Most people are aware that spouses are entitled to certain benefits under Social Security, based on the employment record of their partner. Many are surprised to learn, however, that divorced spouses may also be entitled to the same Social Security benefits based on the employment record of their former partner. The rules vary slightly. I will first discuss those that apply to currently married couples.
One spouse can claim a spousal benefit after the other has filed for his own retirement benefit. At full retirement age, the claiming spouse will receive 50% of her husband’s primary insurance amount—that is, the retirement benefit due him at full retirement age—as her spousal benefit. Claiming earlier (but not before age 62) results in a reduced benefit. After full retirement age, and while receiving a spousal benefit, a wife can defer her own retirement benefit in order to earn delayed credits, and then at age 70 switch to the increased retirement benefit for the rest of her life. Spouses whose own retirement benefit is less than half her husband’s would continue collecting a spousal benefit for as long as both spouses are alive.
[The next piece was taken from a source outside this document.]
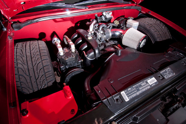 2.2 L w/ intake. Lowered engine w/ sectioned oil pan. Kept stock fan shroud. Have EDC hooked up to keep my air pumping. Shaved and tubbed firewall. Firewall sprayed w/ rubberized coating and painted to match the outside.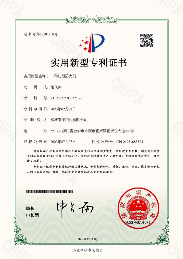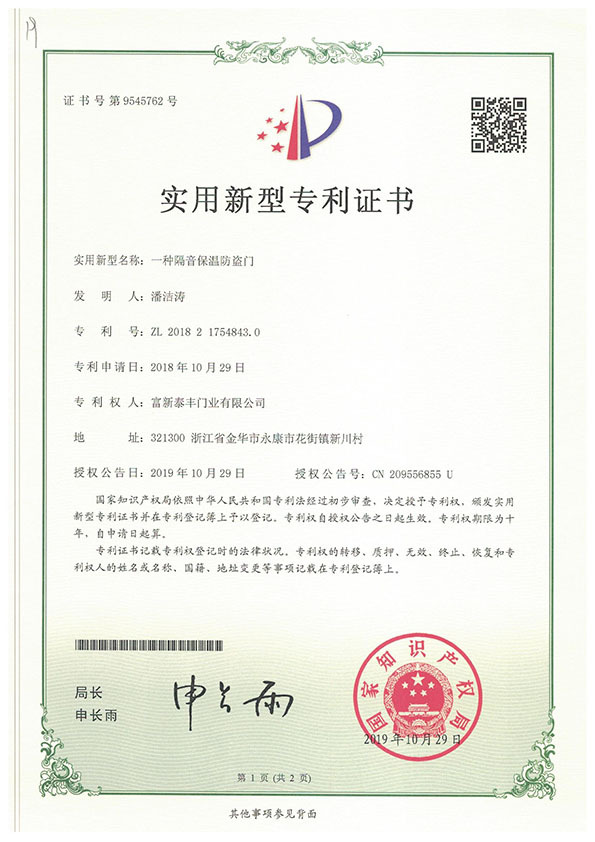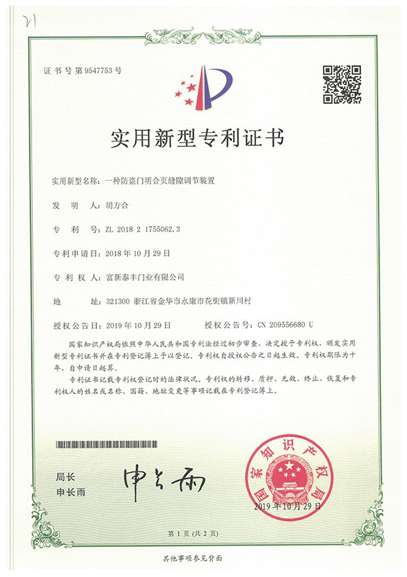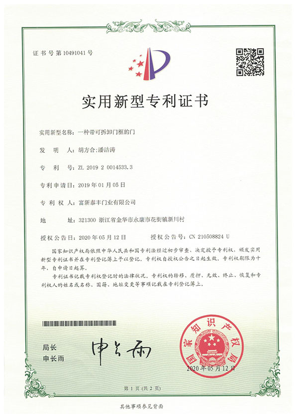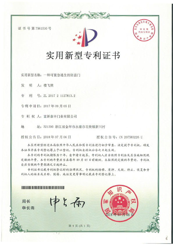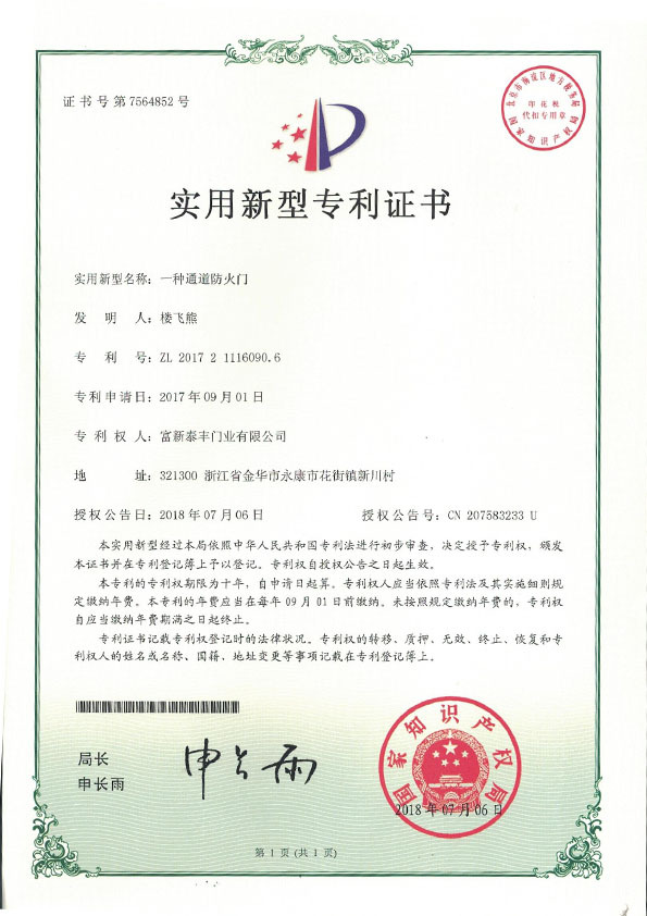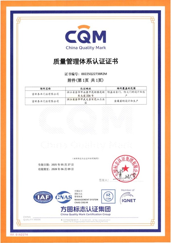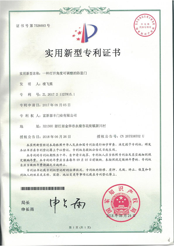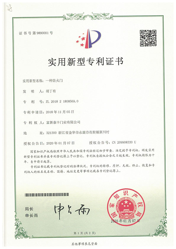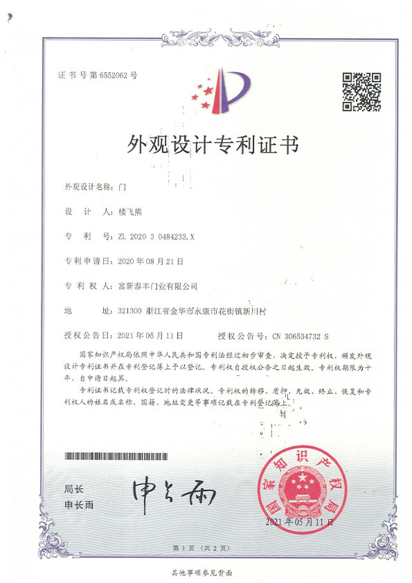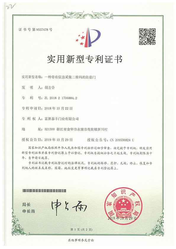 公司通過了1SO9001質量管理體系認證、ISO14000環境管理體系認證、1SO18000職業健康安全管理體系認證、中國環境標志認證、計量檢測體系認定、企業標準化良好行為AA級認定、納入產品質量電子監管管理等;“富新牌”商標曾獲得“浙江省著名商標”、“浙江名牌”,產品通過中國安全技術防范中心“GA"認證,“富新牌”防火門產品通過公安部消防產品合格評定中心3C認證,“富新牌”安全門、防火門、鋼木門均被評為中國十大品牌,在2018年底通過“浙江制造”品質認證;木質門被評為全國市場、工程木門企業30強,是中國門窗行業的主要生產企業之ー。

The death of one spouse triggers a second available benefit: the survivor benefit. Upon the death of a spouse, the surviving spouse can receive the deceased’s benefit as their own for the rest of their lives as long as this benefit is greater than the one they are entitled to on their own record. A reduced survivor benefit can be claimed as early as age 60, or the survivor can wait until full retirement age and receive an unreduced benefit (unless her husband took his benefit early). In general, the marriage must have lasted at least nine months and the surviving spouse must not remarry before age 60.
These rules generally describe the benefits available to currently married couples. Most people do not realize, however, that these same benefits are also available to divorced spouses who satisfy a slightly different set of rules.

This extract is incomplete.